* ABOUT THIS TASK *
In the listing below, find the line with "Ebara FSA (End" and the line with "काठमाडौं । नेपाली", then return them and every line between them exactly, minus the pictures.

* SOURCE MATERIAL *

··········

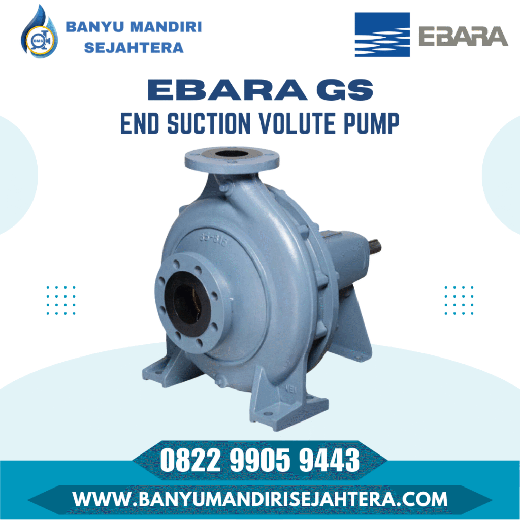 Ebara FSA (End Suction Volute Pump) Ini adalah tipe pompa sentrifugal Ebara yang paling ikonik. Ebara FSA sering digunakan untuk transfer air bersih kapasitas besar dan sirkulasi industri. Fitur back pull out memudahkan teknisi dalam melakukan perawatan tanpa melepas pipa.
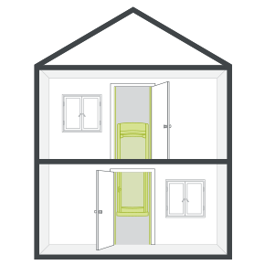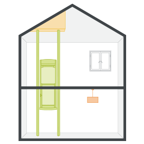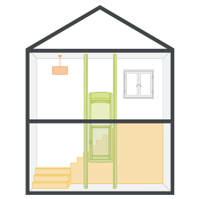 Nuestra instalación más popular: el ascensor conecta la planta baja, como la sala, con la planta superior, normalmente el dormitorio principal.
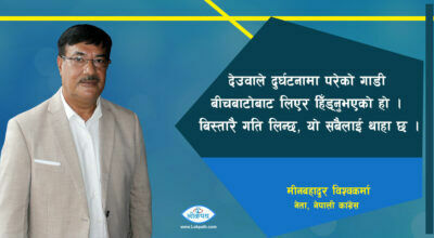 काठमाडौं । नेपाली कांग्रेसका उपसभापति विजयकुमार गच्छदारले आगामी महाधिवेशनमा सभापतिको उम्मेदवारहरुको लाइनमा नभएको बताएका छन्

··········

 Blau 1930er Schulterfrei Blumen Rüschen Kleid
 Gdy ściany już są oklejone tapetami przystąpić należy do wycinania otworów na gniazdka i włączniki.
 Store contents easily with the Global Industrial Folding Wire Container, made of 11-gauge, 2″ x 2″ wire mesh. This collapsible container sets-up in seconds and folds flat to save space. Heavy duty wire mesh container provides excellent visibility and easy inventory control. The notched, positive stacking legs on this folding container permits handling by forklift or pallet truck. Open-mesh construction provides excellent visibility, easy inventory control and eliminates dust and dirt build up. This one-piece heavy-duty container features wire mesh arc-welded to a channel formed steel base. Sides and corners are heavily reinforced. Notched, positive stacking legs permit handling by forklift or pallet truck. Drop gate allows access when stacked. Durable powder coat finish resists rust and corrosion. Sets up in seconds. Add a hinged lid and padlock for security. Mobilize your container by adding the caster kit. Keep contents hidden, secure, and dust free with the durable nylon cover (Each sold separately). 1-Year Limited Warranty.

··········

* SOLVED PROBLEM *
 Ebara FSA (End Suction Volute Pump) Ini adalah tipe pompa sentrifugal Ebara yang paling ikonik. Ebara FSA sering digunakan untuk transfer air bersih kapasitas besar dan sirkulasi industri. Fitur back pull out memudahkan teknisi dalam melakukan perawatan tanpa melepas pipa.
 Nuestra instalación más popular: el ascensor conecta la planta baja, como la sala, con la planta superior, normalmente el dormitorio principal.
 काठमाडौं । नेपाली कांग्रेसका उपसभापति विजयकुमार गच्छदारले आगामी महाधिवेशनमा सभापतिको उम्मेदवारहरुको लाइनमा नभएको बताएका छन्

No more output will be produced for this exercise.